Он достал из кармана брюк платочек, молча вытер ее глаза и нос.

– А теперь подробно рассказывай о своем горе. Только внятно и по существу. И прекратить лить слезы! Они еще никому не помогали. Из каждой ситуации есть выход. Слушаю!

– Меня выгоняют из института.

– За что, если не секрет?

– Главное, что я знаю этот предмет, а преподаватель двойки на экзамене ставит. И говорит, что если с ним не пересплю, вылечу из института.

– А ты?

– А что я… – и она снова зарыдала. – Сегодня мне сказали, что у секретаря лежит на подпись ректору приказ о моем отчислении.

– Понятно! – Дмитрий вновь закурил. – Веди!

– Куда?

– В институт.

– Зачем? Что это изменит?

– Веди к этому преподавателю.

– У него сейчас лекция.

– Мне глубоко все равно, где он и что сейчас делает. Тебя как зовут?

– Катя. Екатерина Великанова.

– Прямо скажем, тебе больше подошла бы фамилия Коротышкина, – и он засмеялся.

Катя действительно была ростом ниже среднего.

– Как зовут твоего искусителя?

– Валентин Николаевич.

– Имя мне его ни к чему. Фамилия у него какая?

– Михолка.

– Потрясающей красоты фамилия! Если бы у меня была подобная, я давно бы повесился.

Катерина прыснула в перчатку.

2
Они шли по коридору института.

– Где эта аудитория?

– Вот, – прошептала Екатерина и показала пальцем. – Только я туда не пойду.

– Нет, милочка, как раз туда мы пойдем вместе!

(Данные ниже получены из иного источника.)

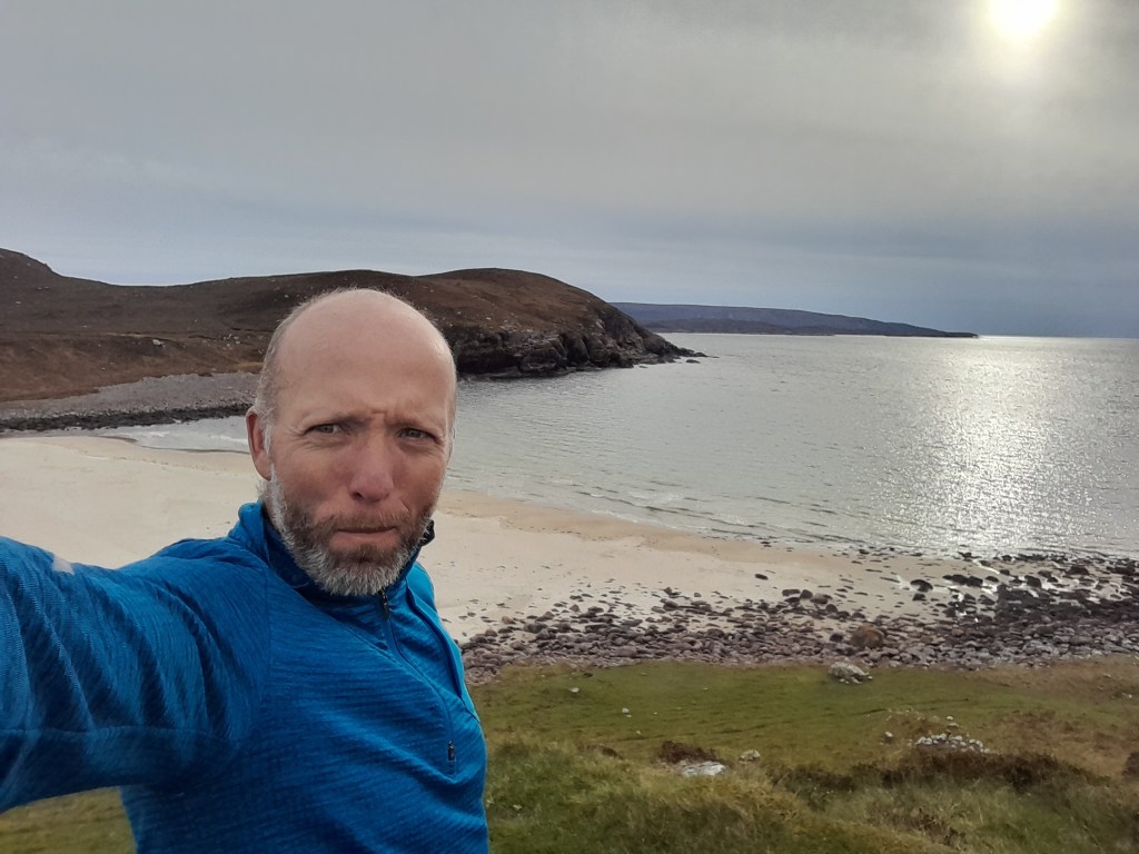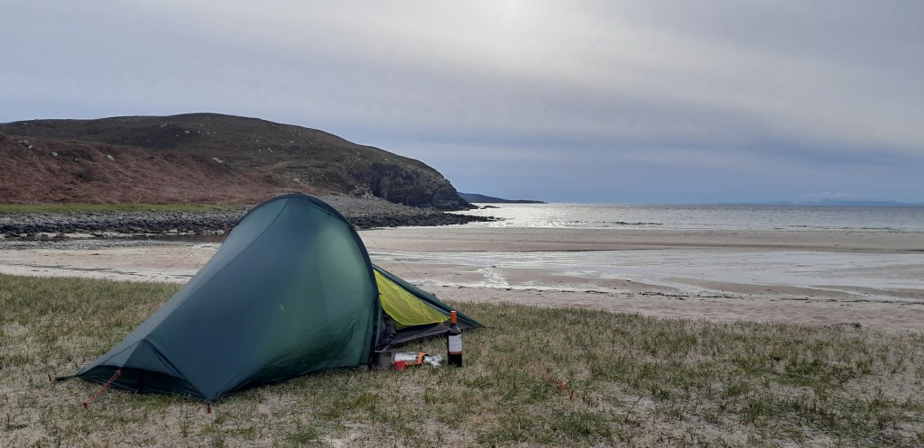 Dan zet Kevin me af aan de andere kant van de landtong. Ik kan een track van vijf kilometer volgen en kom dan uit in een verlaten baai met een wit zandstrand waar ik kan overnachten, Slaggan Bay. Hoe verder ik de track afloop, hoe meer ik begin te glunderen. Dit is met recht een baai in the middle of nowhere. Munro’s zijn prioriteit één, maar dit is met recht een kampeerplek die tot de mooisten op mijn lijstje hoort. Ik deel mijn baai met tien schapen die ongestoord doorgrazen. Het is doodstil en alleen het geruis van de kleine golfjes die op het strand stukslaan, doorbreekt de stilte. Ik wil meteen allemaal fijne foto’s maken voor mijn partners, en filmen, en de baai verkennen, en.. en.. en…

Вишневский резко открыл дверь. За кафедрой стоял слегка полноватый, лысеющий мужчина с мясистым носом, лет около пятидесяти, и что-то рассказывал студентам.

Дмитрий вошел, ведя за руку упирающуюся бледную Катю.

– Вам что, товарищ? Вы, видно, ошиблись, военкомат у нас на Пушкинской улице, и тут не полигон военных действий, а аудитория. Здесь знания даются, лекции читаются. А вы, уважаемый, в святом месте фуражку даже не сняли. Мне конфиденциально рассказывали, что защитники Отечества даже спят в головных уборах.

Он явно издевался над Вишневским, а в его лице и над всеми военными. Среди студентов послышался легкий смешок.

– А впрочем, кому я объясняю? Когда говорят пушки, музы молчат.

Смеялись уже все.

Внутри у Вишневского все тряслось от злости и обиды за надругательство над военными.

– Сейчас, Михолка, действительно будут говорить пушки, а ты станешь только кивать своим носастым черепом. Шутом давно здесь подрабатываешь? Я из тебя эту спесь выбью!

Он схватил преподавателя за лацканы пиджака, резко поднял и посадил на кафедру, а ее развернул, чтобы видно было лицо. Дмитрий еле сдерживал себя, чтоб не ударить эту мразь.

– Это по твоей милости выгоняют Великанову за то, что она не легла с тобой в постель?

– Что вы творите?! Вызовите кто-нибудь милицию или позвоните в комендатуру. Так, кажется, у них называется то место, где остужают буйные головы и усмиряют норов.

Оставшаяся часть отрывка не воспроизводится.